- Parent company: Warner Music Group (as of 2009)
- Founded: 2004; 21 years ago
- Founder: Joshua James; Brett Eliason;

= Basecamp Productions =

American record label

Basecamp Productions is an American record label. It was founded in 2004 by Joshua James and Brett Eliason (Eliason apparently sold his share of the company sometime in 2007 and is no longer involved) with the idea of releasing "Official Bootlegs" online.

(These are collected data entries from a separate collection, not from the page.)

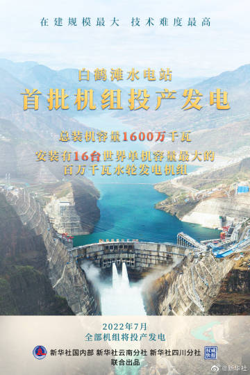 【#权威快报#|#白鹤滩水电站首批机组投产发电#】6月28日,白鹤滩水电站首批机组正式投产发电,标志着我国大型水电工程建设完成从“中国制造”到“中国创造”的历史性跨越。白鹤滩水电站位于云南省巧家县和四川省宁南县交界的金沙江干流上,是当今世界在建规模最大、技术难度最高的水电工程,总装机容量1600万千瓦,安装有16台世界单机容量最大的百万千瓦水轮发电机组,均由我国自主研制。白鹤滩水电站是实施“西电东送”的国家重大工程,将于2022年7月全部投产发电,与三峡、葛洲坝,以及金沙江乌东德、溪洛渡、向家坝水电站一起,构成世界最大的清洁能源走廊。(记者侯雪静、丁怡全、卢宥伊,海报设计杨轶群)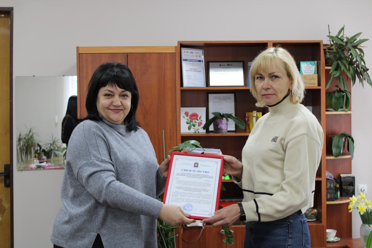 Сегодня, 15 апреля, заместитель главы администрации городского округа Горловка Светлана Кудинова вручила свидетельства о регистрации Уставов территориальных общественных самоуправлений «Возрождение» и «Очаг» в муниципальном образовании городского округа Горловка Донецкой Народной Республики.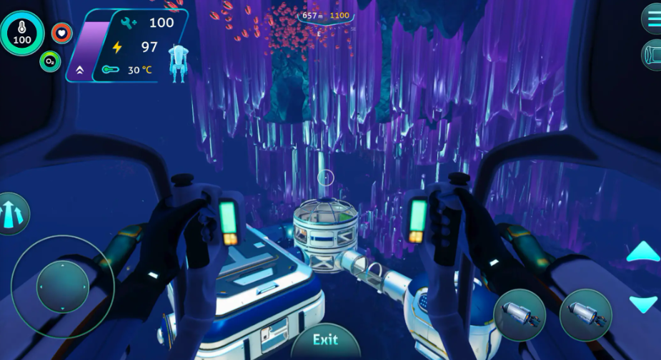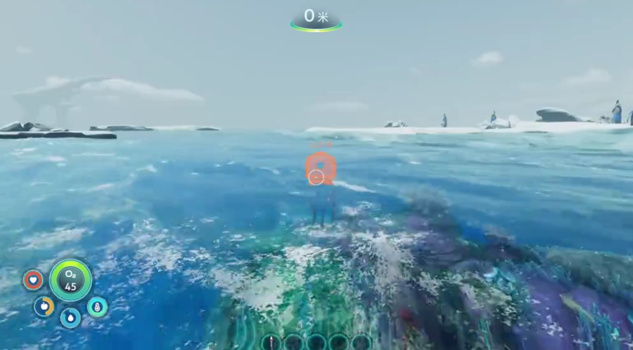 随后玩家们就可以直接前往水内开始探险了,在水面上会有极寒天气的影响,到了水面之下,玩家们就完全不用担心了,水下的物资还非常丰富,例如铅块一类的矿物,玩家们都可以获取,由于开局的道具比较少,所以玩家们开始的大型物资都是没有办法获取的,但是小型物资还是需要关注一下,当玩家们在水下之后,也要注意一点,那就是氧气,水下缺氧时会有提醒,此时玩家们就需要迅速上浮获取氧气。这一阶段直接前往吊舱就可以将氧气补满了,吊舱属于玩家们的基地,这里还有一个工作台,可以帮忙玩家们制作其他物品。

Beginning with Pearl Jam’s groundbreaking “Official Bootlegs” series, artists who have appeared on recordings distributed exclusively by Basecamp include: Pearl Jam, Linkin Park, Jay-Z, U2, Disturbed Chris Cornell, Tori Amos, Ben Harper, The Black Crowes, The Cult, Busta Rhymes, Sleater-Kinney, Kings of Leon, Mudhoney, My Morning Jacket, Sonic Youth, Dispatch, Third Day and Wolfmother.

Basecamp works with artists who sell their shows through their own web sites. Shows are typically available anywhere from 30 minutes to a few days following the performance. Basecamp handles the whole process from recording the show, mixing it and then releases it through their own software package which is installed on the artists site. Basecamp also has partnerships with both Ticketmaster and Live Nation to sell the live recordings at the point of ticket purchase.

Basecamp was acquired by Warner Music Group in 2009 and Mr. James is now the CEO of Zig Media.